● **TASK ITEM**:
Output must consist only of the lines of the material below from the one with "- Disposition : Bac" through the one with "Anthropologie Daily Practice", each reproduced exactly; no pictures belong in it.

● **THE RECORDS**:
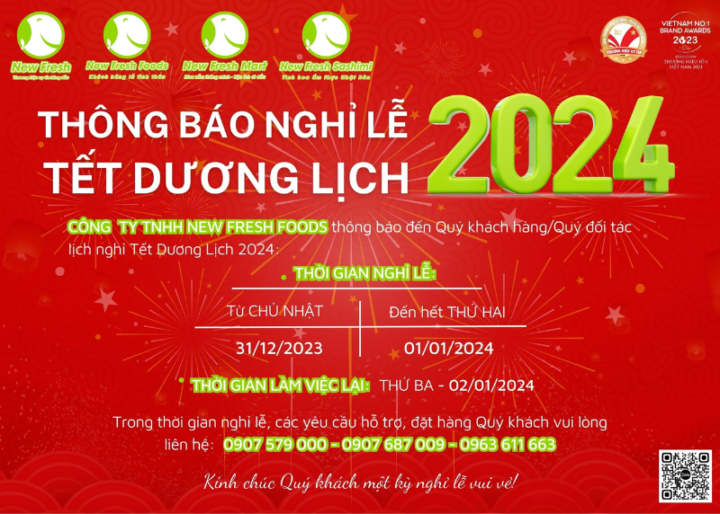 Kính gửi Quý khách hàng,đối tác, Công Ty TNHH New Fresh Foods xin trân trọng thông báo lịch nghỉ Tết Dương Lịch 2024 như sau:
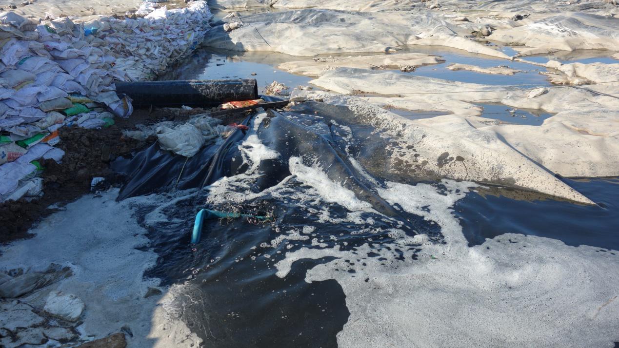 哈尔滨市香坊区向阳垃圾填埋场大量渗出滤液。(生态环境部供图)
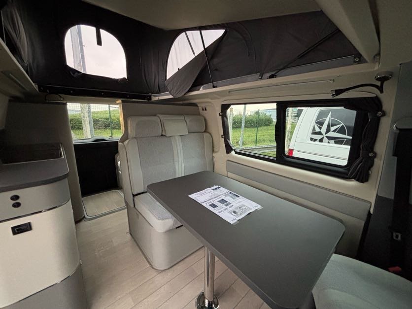 - Disposition : Bac de douche, Cuisine en long, Lit dînette avant, Lit toit relevable, Salon avant sièges pivotants, WC Cassette
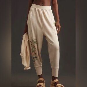 Anthropologie Daily Practice Relaxed Jogger Beige with Green Graphic Print S
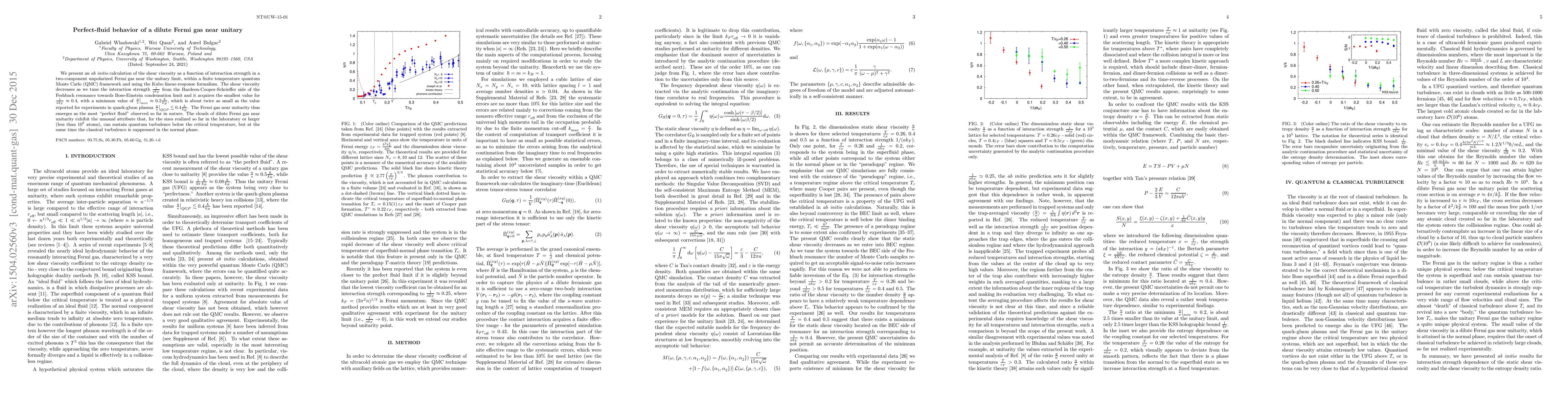 We present an ab initio calculation of the shear viscosity as a function of interaction strength in a two-component unpolarized Fermi gas near the unitary limit, within a finite temperature quantum Monte Carlo (QMC) framework and using the Kubo linear-response formalism. The shear viscosity decreases as we tune the interaction strength 1/ak_F from the Bardeen-Cooper-Schrieffer side of the Feshbach resonance towards Bose-Einstein condensation limit and it acquires the smallest value for 1/ak_F approx 0.4, with a minimum value of (eta/s)_min approx 0.2 hbar/k_B, which is about twice as small as the value reported for experiments in quark-gluon plasma (eta/s)_QGP lesssim 0.4 hbar/k_B. The Fermi gas near unitarity thus emerges as the most "perfect fluid" observed so far in nature. The clouds of dilute Fermi gas near unitarity exhibit the unusual attribute that, for the sizes realized so far in the laboratory or larger (less than 10^9 atoms), can sustain quantum turbulence below the critical temperature, but at the same time the classical turbulence is suppressed in the normal phase.

● **PROBLEM SOLUTION**:
 - Disposition : Bac de douche, Cuisine en long, Lit dînette avant, Lit toit relevable, Salon avant sièges pivotants, WC Cassette
 Anthropologie Daily Practice Relaxed Jogger Beige with Green Graphic Print S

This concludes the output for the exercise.